══ Material provided ══

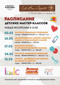 Полное расписание мастер-классов в марте (запись открыта):
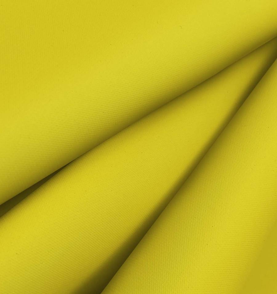 La Tela Impermeable - Outdoor es un tejido técnico de 100% poliéster y 200 gr/m2, con un ancho de 150 cm. El color liso impreso es un amarillo dorado con un CMYK de 7 9 89 0. Este color secundario tiene un granulado y una textura rugosa que le da un aspecto acogedor y cálido. Combina perfectamente con tonos terrosos como el marrón y el verde.
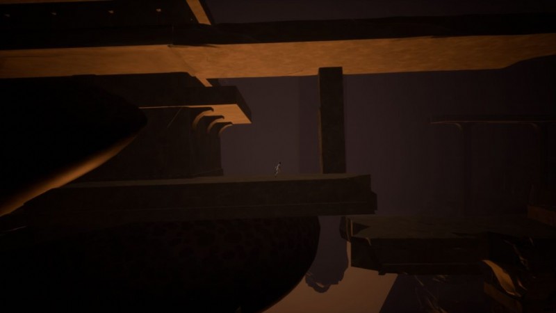あなたは別の石造りの建造物に出くわしますが、あなたを追う危険はまだ収まっていません。石のプラットフォームに登り、石の梁が落ちるのを待ち、斜めの通路を作ります。突き出ているビームに飛び乗り、斜めのビームを上ります。そこにある倒れた石板に登り、突き出ている 3 つのビームを飛び越えて次のプラットフォームに行きます。
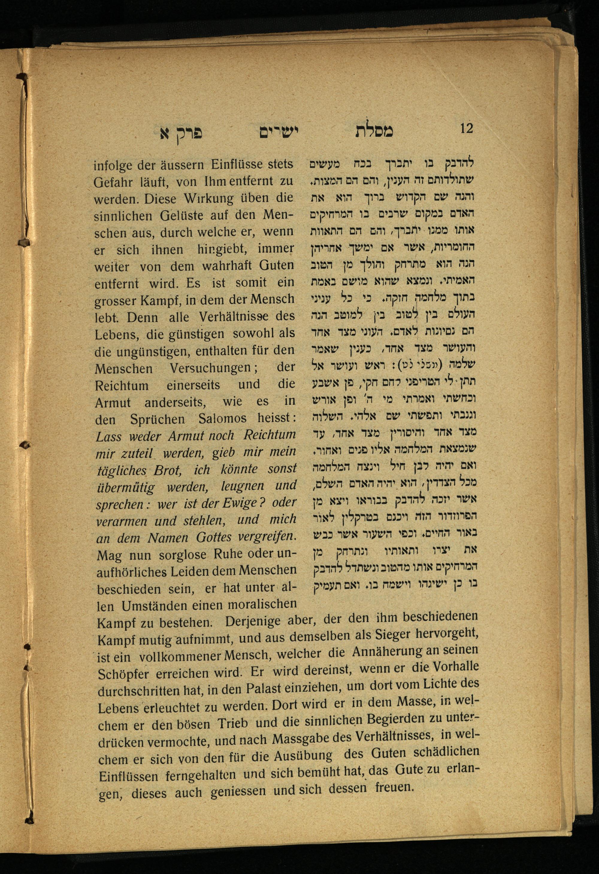 Lebensführung der Redlichen / von Mosche Chaim Luzzatto. Mit einer neben dem Text befindlichen dt. Übers. von Oskar Sachariasohn
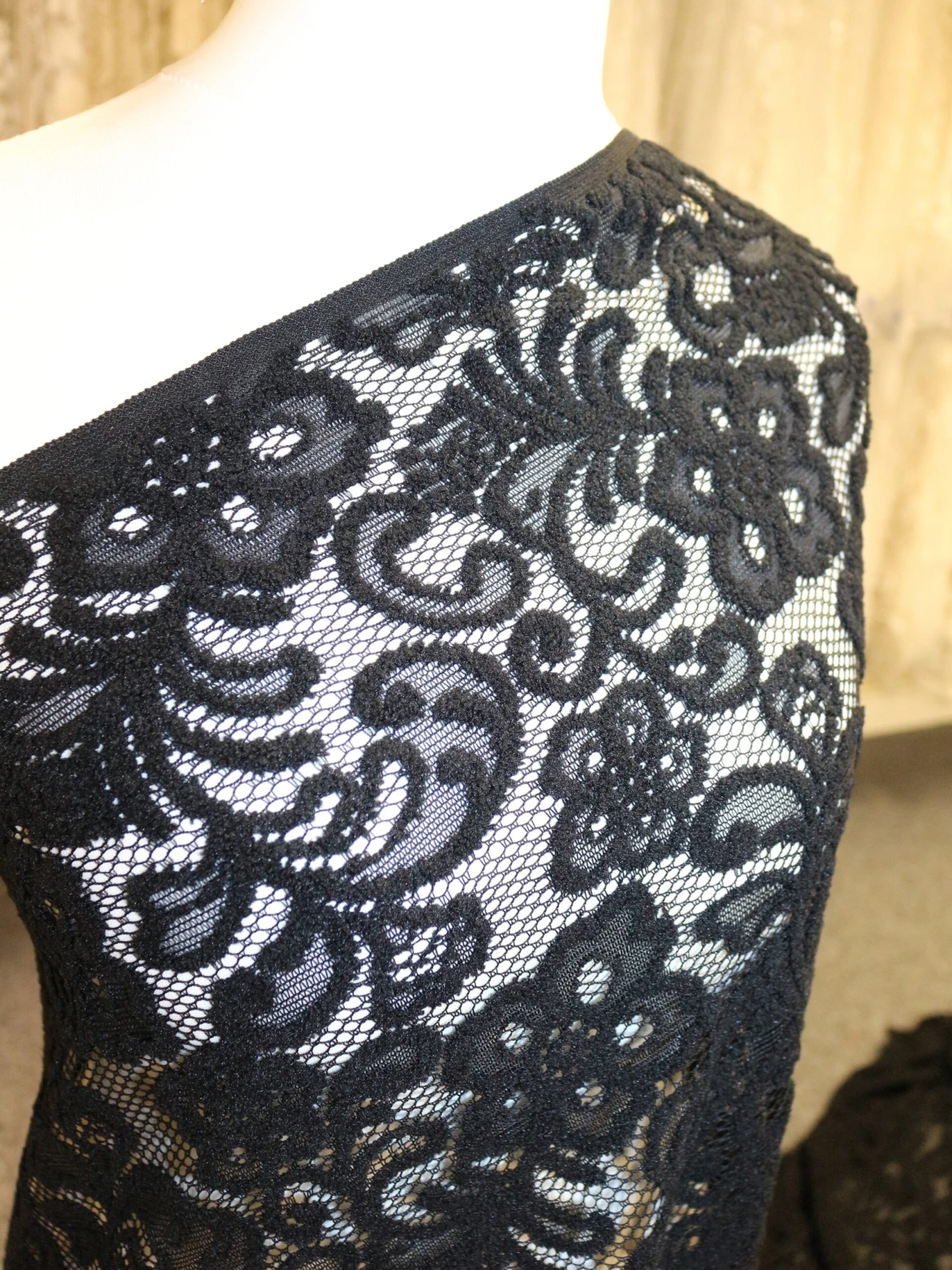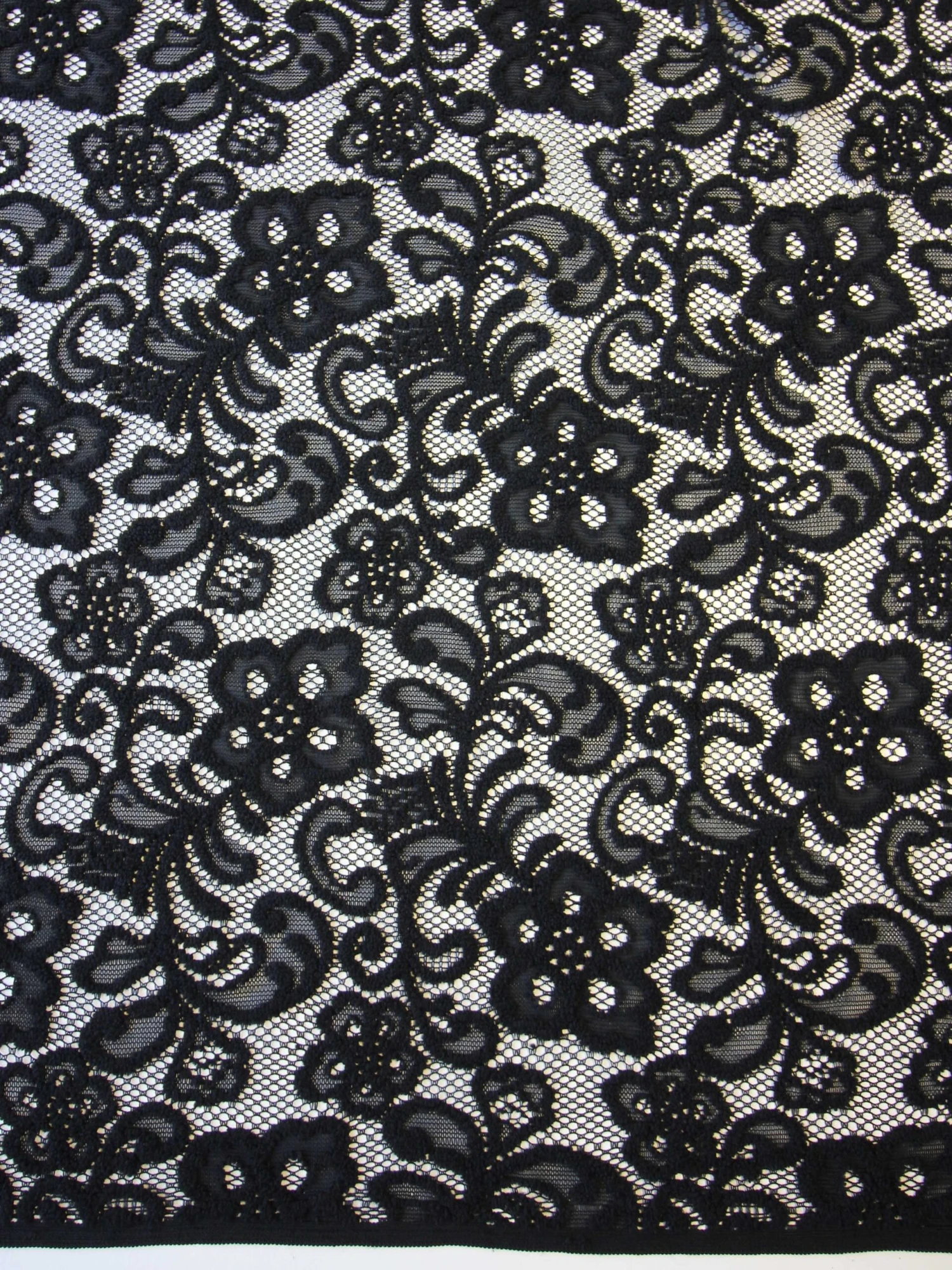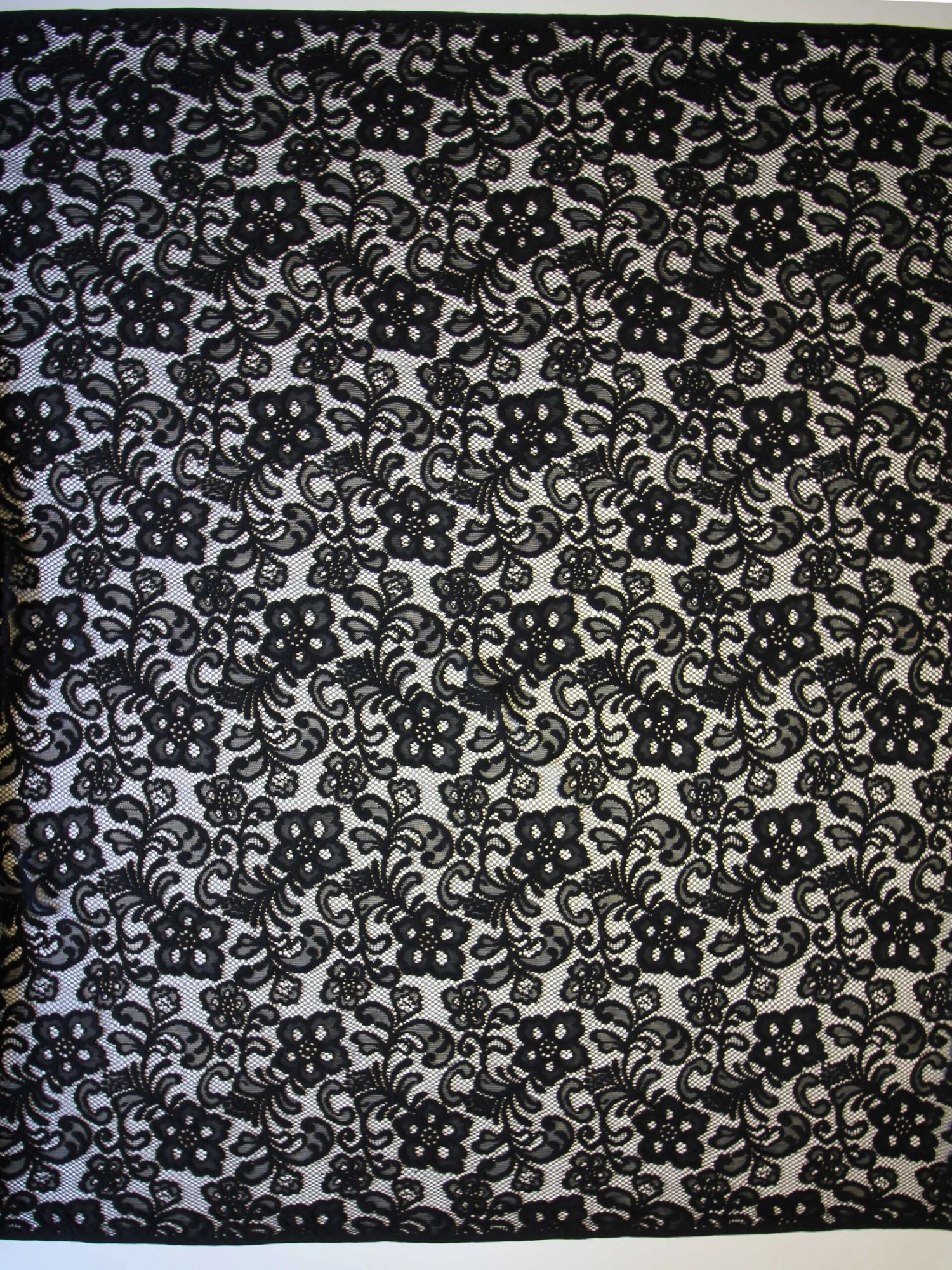Edwina has is a woven black lace with plain edges and is a heavy quality and is perfect for winter dresses. Measuring 144 cm (56″) wide, this is one of our more eye-catching and dramatic laces.

═══

Action item:
What is wanted is a verbatim transcription of every record above, pictures excluded.

Response for this exercise:
 Полное расписание мастер-классов в марте (запись открыта):
 La Tela Impermeable - Outdoor es un tejido técnico de 100% poliéster y 200 gr/m2, con un ancho de 150 cm. El color liso impreso es un amarillo dorado con un CMYK de 7 9 89 0. Este color secundario tiene un granulado y una textura rugosa que le da un aspecto acogedor y cálido. Combina perfectamente con tonos terrosos como el marrón y el verde.
あなたは別の石造りの建造物に出くわしますが、あなたを追う危険はまだ収まっていません。石のプラットフォームに登り、石の梁が落ちるのを待ち、斜めの通路を作ります。突き出ているビームに飛び乗り、斜めのビームを上ります。そこにある倒れた石板に登り、突き出ている 3 つのビームを飛び越えて次のプラットフォームに行きます。
 Lebensführung der Redlichen / von Mosche Chaim Luzzatto. Mit einer neben dem Text befindlichen dt. Übers. von Oskar Sachariasohn
Edwina has is a woven black lace with plain edges and is a heavy quality and is perfect for winter dresses. Measuring 144 cm (56″) wide, this is one of our more eye-catching and dramatic laces.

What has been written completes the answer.